# Very strange centipede



## dennisjnh (Jun 29, 2009)

Over the last week I have seen two of these very strange but magnificient creatures.  I live on the big island of Hawai'i. The centipede was about an inch long with an orangeish-brown body. However, the legs and head were a brilliant neon blue.  I have heard these are more poisonous than normal centipedes. I have no prior experience with them so I'm just saying probably bastardized knowledge, but hey.  Any thoughts?


----------



## zonbonzovi (Jun 29, 2009)

Did it look (kinda) like this?:

http://www.flickr.com/photos/29847562@N00/2748770810/in/photostream/

Sounds like a juvenile Scolopendra subspinipes.


----------



## dennisjnh (Jun 29, 2009)

Not particularly. but this may be because the legs become duller as they mature? The ones I saw had cyan legs, a direct contrast to their orange bodies.  The legs were the color of the question mark emoticon you see under reply boxes.

It also seems weird that I saw two of almost the exact same size in two places 20 miles apart. Do they have a set "mating season?" One was at a friends house in gravel we were clearing, the second was at the beach (rocky, dirt beach, not sand).


----------



## dennisjnh (Jun 29, 2009)

Ah, I was reading more up on them. You were correct, sir.  The adults are reddish-brown but the young have blue legs.  Thanks for the help!


----------



## pavel (Jun 29, 2009)

Ah the memories!  Wish I had been able to keep a few back when I lived on Oahu in the days of my youth.  Alas, if I had tried, my mother surely would have killed me!  LOL  _So unreasonable _... she would not even let me keep a cane spider or two.  :}


----------



## GartenSpinnen (Jun 30, 2009)

Wow! That is a beautiful centipede! Are those available in the hobby? I want one! I would pay for one of those, very very nice....:worship:


----------



## zonbonzovi (Jun 30, 2009)

Hawaii isn't allowing export of their natives, which sucks because everyone I've ever talked to from Hawaii said that these are considered a pest.  Looks like you'll have to smuggle it in your underwear

Reactions: Funny 1


----------



## David Burns (Jun 30, 2009)

Hawaii motto is leave a snake and take a centipede.


----------



## Elytra and Antenna (Jun 30, 2009)

zonbonzovi said:


> Hawaii isn't allowing export of their natives, which sucks because everyone I've ever talked to from Hawaii said that these are considered a pest.  Looks like you'll have to smuggle it in your underwear


Scolopendra are introduced invasives in Hawaii. They protect alien invasives? (Wouldn't be a shock, my state protects the European wall lizard.)


----------



## zonbonzovi (Jun 30, 2009)

I didn't realize they were introduced.  I should amend the "natives" statement & say that 'to my knowledge', Hawaii isn't allowing export of any fauna/flora not expressly raised for export.  That is more of a blanket statement- the truth may be that under some circumstances/permits/red tape, some creatures may be removed, but I seriously doubt it would be for the purposes we seek.  My state often lists the same species under one agency as "invasive", while they're "threatened" under another agency.  I can only assume that Hawaii is prone to this sort of nonsense as well...


----------



## venwu225 (Jul 1, 2009)

what the heck...that is my photo...haha.


----------



## Draiman (Jul 1, 2009)

venwu225 said:


> what the heck...that is my photo...haha.

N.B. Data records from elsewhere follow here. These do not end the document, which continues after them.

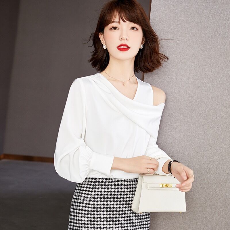 Pinkoz エレガントなサテンピンク中空アウト女性ブラウス女性デザイナーオフィスレディフレンチ女性トップス作業服シャツ春シック スプリング 春物 会社 学校 通勤や通学にも
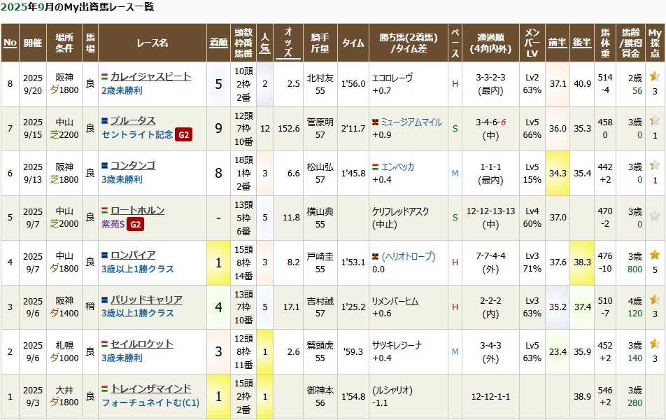9月は8頭で8走でした。これは今年の月別で2月の6走に次いで少ない出走数です。最終週は出走馬もなく、連続出走も続かないと言うなかなか寂しい月になりました。内容としては地方交流戦を含むとは言え2勝を挙げ、結果は伴わなかったですが3歳戦のトライアルに2頭が出走とそれなりに楽しませてくれました。8月の成績です。10月はちょこちょこと出走予定はありますが、3歳未勝利馬がごっそり引退し、2歳馬が全然出てこない状況で更に4歳馬が全馬脚部不安でまともに走れないと言う状況なので9月と同等かそれ以下の出走数になる可能性もありそうです。ランキング参加中!クリックお願い致しますm(_ _)m一口馬主ランキング
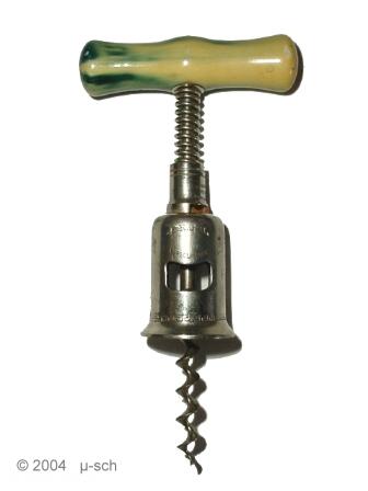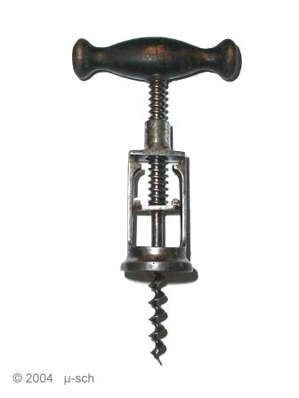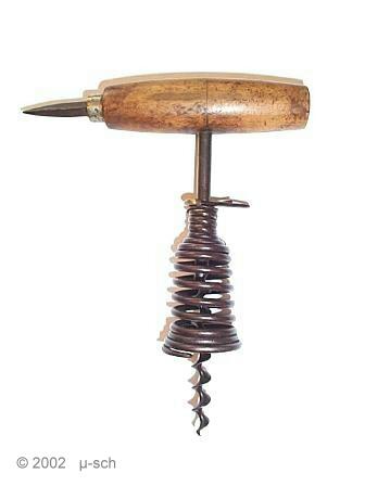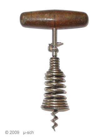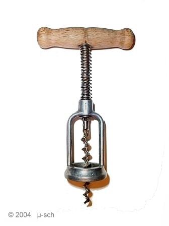 Corkscrew with aluminium frame and a spring, that gives the handle more pulling power.
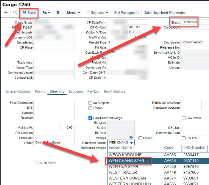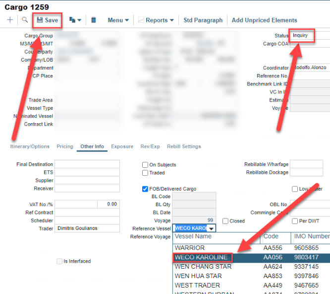 For "An error occurred while saving FOB Voyage #“, which will often occur after deleting the linked laytime calculations, you must change the Status to inquiry and change the reference vessel to any vessel in the list, then press "Save“:
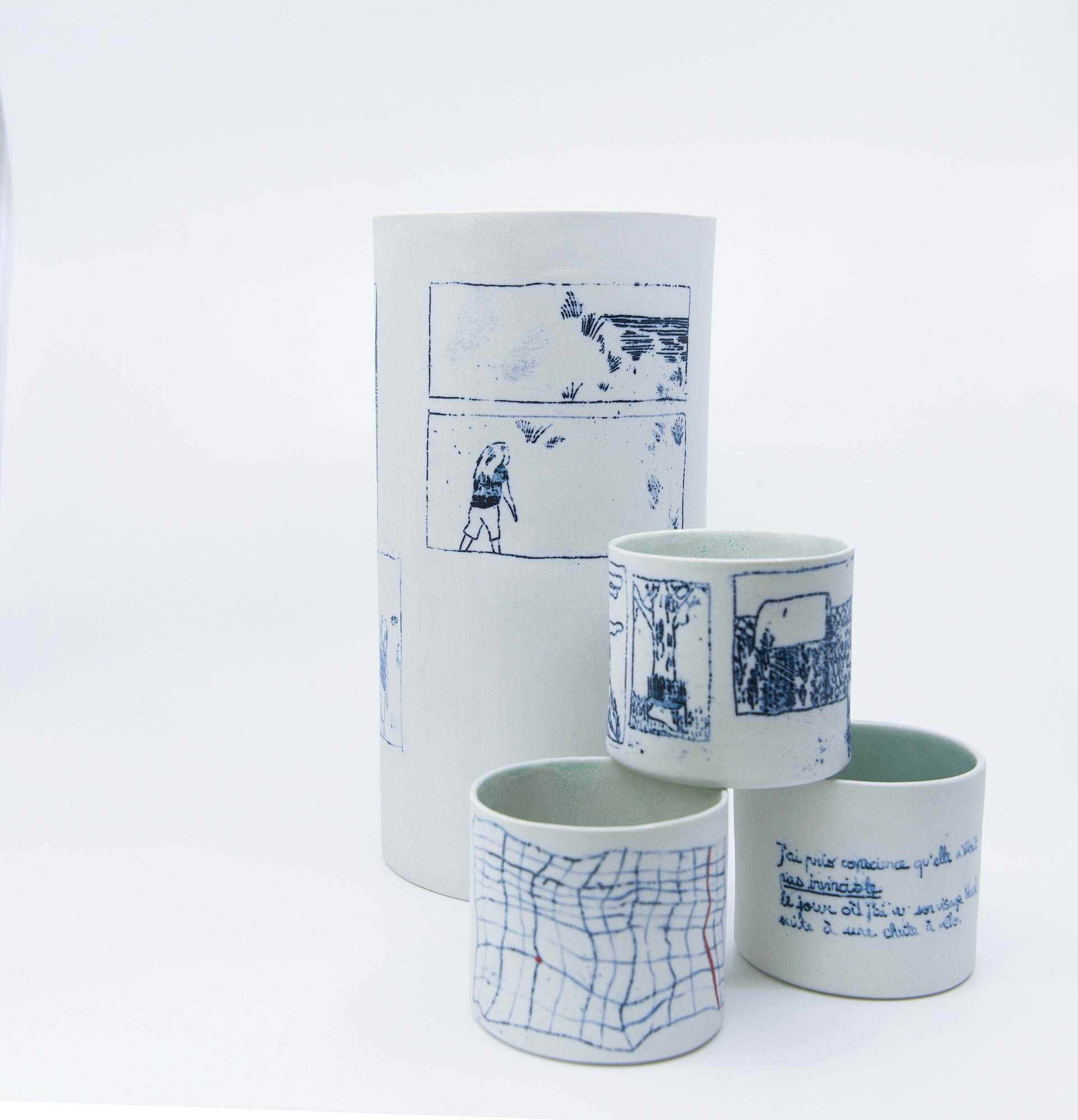 Une collection de cylindres uniques en porcelaine où l'illustration narre une histoire d'amour et de deuil.

He posted a link to it, not the photo itself. Is that an issue? :?


----------



## Travis K (Jul 1, 2009)

Draiman said:


> He posted a link to it, not the photo itself. Is that an issue? :?


The "haha" would suggest flattery.


----------



## Satellite Rob (Jul 1, 2009)

That is a beautiful pede.Does anyone information there size and care of 
these pedes.That is going on my want list.


----------



## beetleman (Jul 1, 2009)

had them in the past,they don't get big,about 6" easy to care for,someone on AB was selling them years back. these are very close to the indo.blacktips that i have.very cool pede:clap:


----------



## Satellite Rob (Jul 2, 2009)

Hay Pete, 
If you see them for sale let me know.I really like that pede and would like to 
get a couple.If any body else knows were to get them please make a post. 
Thank you.


----------



## pandinus (Jul 2, 2009)

did it look like this? if so its otostigmus scaber. this one was collected  on maui near the Iao valley



















John


----------



## pandinus (Jul 2, 2009)

or maybe like these guys


----------



## zonbonzovi (Jul 2, 2009)

Wow- cool terminals & vaguely Alipes-like body!  That 2nd set of pix- your clutch?  What species?


----------



## KyuZo (Jul 2, 2009)

John,
are you going to have those pedelings for sale?


----------



## zonbonzovi (Jul 2, 2009)

KyuZo said:


> John,
> are you going to have those pedelings for sale?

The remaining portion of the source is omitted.